Presentation on theme: "The “Other” and SF. Defining the “Other” “The Other is an individual who is perceived by the group as not belonging, as being different in some fundamental."— Presentation transcript:
Defining the “Other” “The Other is an individual who is perceived by the group as not belonging, as being different in some fundamental way.” “The group sees itself as the norm and judges those who do not meet the norm (that is, who are different in any way) as the Other.” Source: Lilia Melani, English Professor (CUNY)
Defining the “Other” The idea of the “Other” is actually in play on this campus today… We often see and define people by what makes them different than us…athletes group themselves in their communities; arts students group themselves in their communities; and so on… The whole idea of community is to align ourselves with people who share similar qualities, traits, or goals. It’s only natural, then, to start viewing outsiders as the “Other.”
The Other in Literature The “Other” is any character who deviates from or cannot be defined by the group norm. Holden Caulfield in The Catcher in the Rye rebels against the social norms and therefore could be defined as a type of “Other” in a society that values respect for authority and a certain suppression of emotional expression. In The Adventures of Huckleberry Finn, Jim acts as the “Other” in a society controlled by whites. You could even argue that Huck himself is defined by “otherness” since he rejects the social norms of Southern society. In a nutshell: The Other is any individual who is rejected by society, refuses to fit in with social norms, or is defined as “different.”

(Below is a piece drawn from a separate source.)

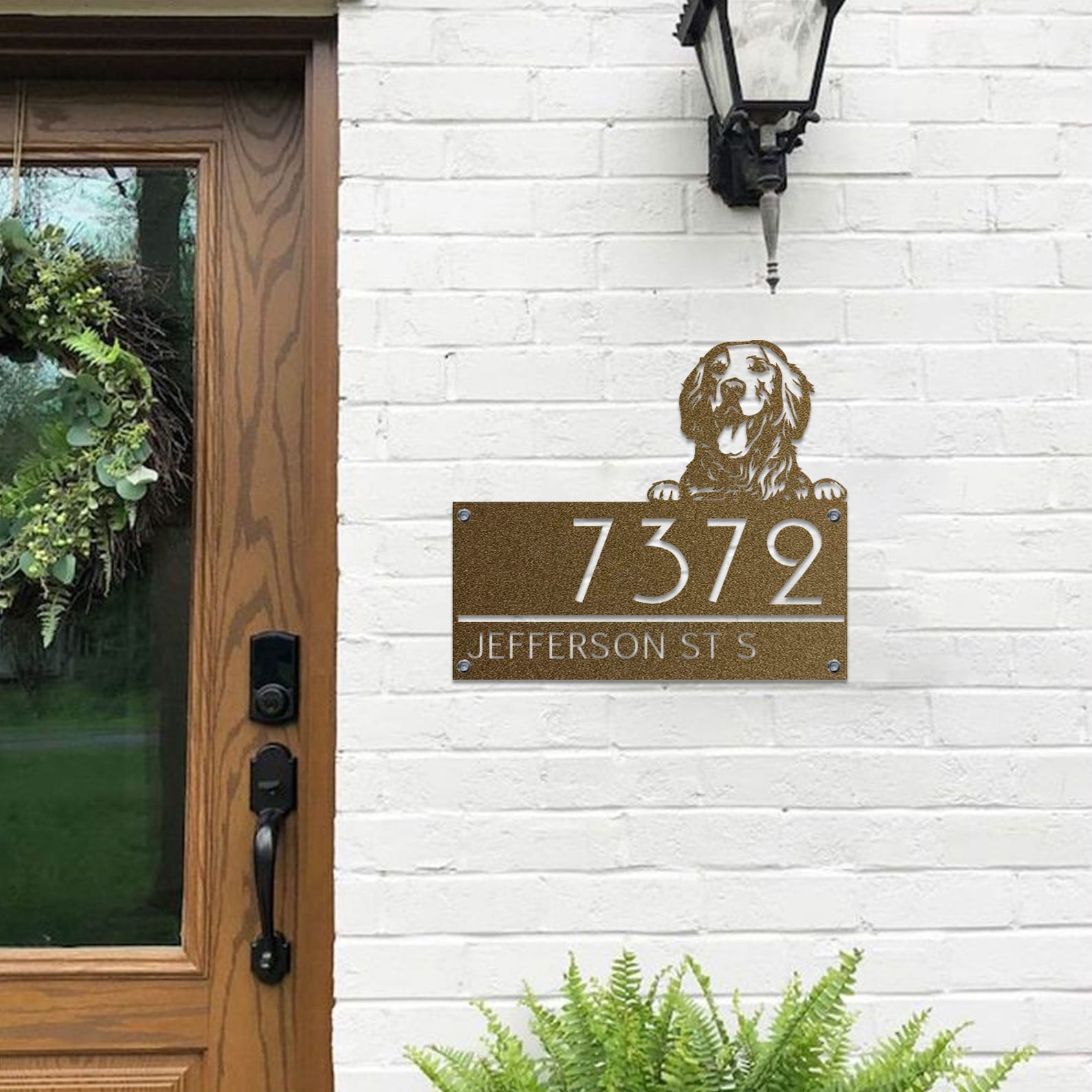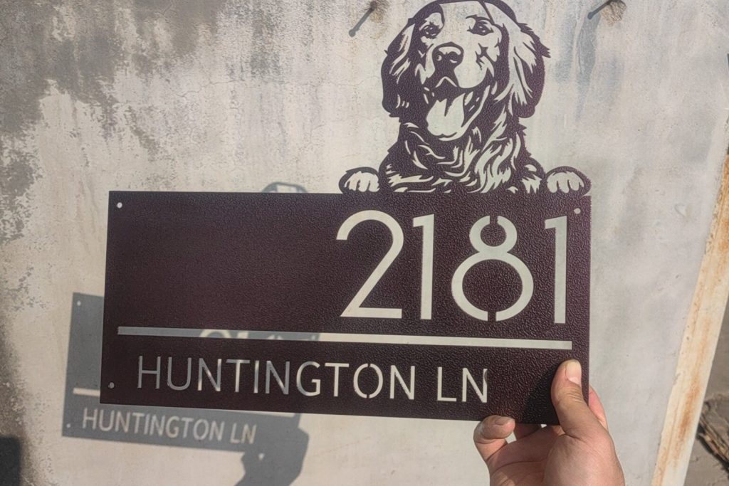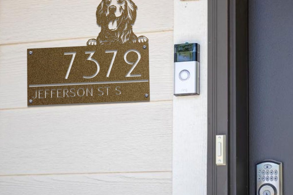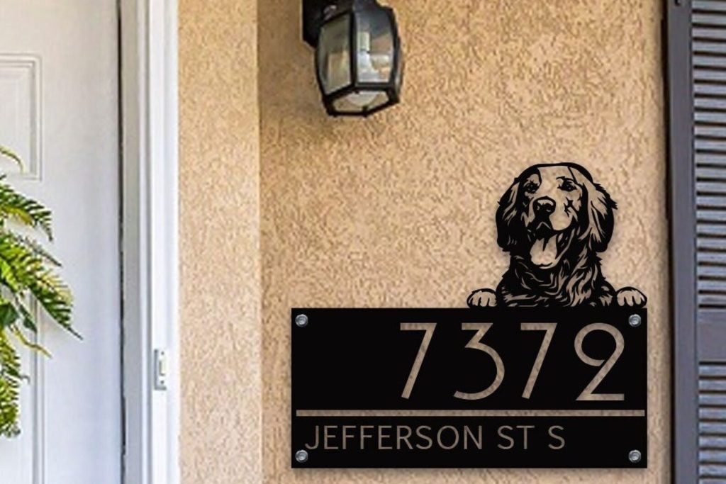 Custom Golden Retriever Metal House Number Sign, Horizontal Metal Address Sign, Dog Address Sign, Outdoor Number Plate, Housewarming Gift.

The Other in SF Science Fiction usually explores “otherness” in a much different way. The “Other” in SF could be: an alien, a robot, a mutant… You will notice that there is often a degree of fear and mistrust which leads to suspicion when society interacts with the “Other.” By defining what makes someone/something different, SF writers also force the reader to consider what makes someone “human.” It’s fun to speculate about alien life and robotic super- intelligence, but in reality, SF is often looking at what it means to be human. The “Other” in SF provides a contrast to the human character/human race.
Where have we already seen the “Other” in SF? Think back to the humans’ reaction to Klaatu in The Day the Earth Stood Still. Who was the “Other” in the films? How did the humans react in the films? How did both versions of the film define human behavior/tendencies? How was the “Other” used to define what it means to be human? Take notes on these questions and be prepared to share them with a partner and the class!